Despite his status as a well-known author and political activist, and despite being right about the Birmingham Six, in that period before he entered Parliament in 1987, there were not many people willing to employ him. This worked to his advantage later, because when he was elected to Parliament, his salary was like a king’s ransom compared with what he had been earning before. He never felt he was underpaid – as so many MPs do – and was not tempted to augment his salary by milking the expenses system.

He also had a lucky break when a friend who had gone into the travel agency business started organising the first holiday tours to post-war Vietnam. Mullin had been there as a journalist, and was hired to make several more trips as a tour guide to Vietnam, and to Tibet. That provided material for his second and third novels. His favourite, which was also the least successful commercially, is The Year of the Fire Monkey, about a CIA plot to send an agent into China, via Tibet, to kill Mao Tse-tung.

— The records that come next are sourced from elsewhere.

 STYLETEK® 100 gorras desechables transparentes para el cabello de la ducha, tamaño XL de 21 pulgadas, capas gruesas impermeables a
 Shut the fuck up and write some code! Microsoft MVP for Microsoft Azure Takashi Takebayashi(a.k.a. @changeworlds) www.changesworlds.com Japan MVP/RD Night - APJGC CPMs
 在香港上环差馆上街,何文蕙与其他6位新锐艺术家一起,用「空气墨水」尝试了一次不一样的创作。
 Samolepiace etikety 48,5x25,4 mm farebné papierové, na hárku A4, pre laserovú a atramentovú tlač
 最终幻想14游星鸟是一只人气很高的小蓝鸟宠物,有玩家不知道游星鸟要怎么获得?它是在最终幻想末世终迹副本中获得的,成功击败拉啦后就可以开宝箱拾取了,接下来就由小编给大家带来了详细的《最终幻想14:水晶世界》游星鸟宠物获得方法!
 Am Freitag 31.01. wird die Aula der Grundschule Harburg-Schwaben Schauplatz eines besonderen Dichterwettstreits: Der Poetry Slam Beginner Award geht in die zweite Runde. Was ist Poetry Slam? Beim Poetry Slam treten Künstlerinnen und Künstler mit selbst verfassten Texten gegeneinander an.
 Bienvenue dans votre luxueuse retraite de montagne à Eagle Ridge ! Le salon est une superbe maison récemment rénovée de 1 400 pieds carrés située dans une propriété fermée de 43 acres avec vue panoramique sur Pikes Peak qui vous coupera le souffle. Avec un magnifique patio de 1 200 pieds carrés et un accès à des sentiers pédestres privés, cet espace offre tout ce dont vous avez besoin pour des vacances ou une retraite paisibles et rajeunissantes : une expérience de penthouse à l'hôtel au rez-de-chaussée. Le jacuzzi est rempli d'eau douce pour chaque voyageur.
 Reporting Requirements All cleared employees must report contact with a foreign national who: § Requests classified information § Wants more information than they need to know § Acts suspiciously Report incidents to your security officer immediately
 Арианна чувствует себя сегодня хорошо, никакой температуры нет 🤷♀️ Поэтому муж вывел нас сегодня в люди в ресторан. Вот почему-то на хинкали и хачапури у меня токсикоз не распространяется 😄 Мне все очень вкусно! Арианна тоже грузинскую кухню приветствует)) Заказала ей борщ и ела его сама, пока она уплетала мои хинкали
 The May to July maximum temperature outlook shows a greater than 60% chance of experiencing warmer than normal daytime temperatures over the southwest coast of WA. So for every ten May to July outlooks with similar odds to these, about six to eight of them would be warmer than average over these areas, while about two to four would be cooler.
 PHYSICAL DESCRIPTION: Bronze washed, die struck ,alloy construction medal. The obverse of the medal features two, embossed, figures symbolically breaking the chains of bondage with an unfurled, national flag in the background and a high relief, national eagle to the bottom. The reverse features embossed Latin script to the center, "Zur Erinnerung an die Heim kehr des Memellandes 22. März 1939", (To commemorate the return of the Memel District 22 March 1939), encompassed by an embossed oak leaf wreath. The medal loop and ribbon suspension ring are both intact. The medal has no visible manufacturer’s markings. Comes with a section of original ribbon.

His fellow courier was Nguyen Thi Ngoc, who was born in a refugee camp near where her family still lives, in Vietnam’s central highlands, 600 miles north of Saigon. The area was controlled by communist guerrillas when she was a girl. They married, and have two daughters, the older of whom is now studying at Oxford University.

Now, you might think, Mullin at last has a chance to be in tune with the times. At 62, he is younger than some of the MPs who are planning to stay on. The expenses scandal has left the public crying out for MPs who are demonstrably not in it for the money, who think there is more point to politics than crawling up the ladder towards ministerial office.

And as defeat stares Labour in the face, here is a veteran who can offer first-hand advice on what not to do during your first years in opposition, should you want your party to be electable.

“I have very mixed feelings over whether I made the right decision or not,” he said. “In a year’s time, I may look back and say it was the best thing I ever did, or I may look back and say it was the biggest mistake of my life. I shall miss it, I do know that.

“I could have managed another term, but I thought it preferable to go when people are still asking ‘why?’ rather than ‘when?’.”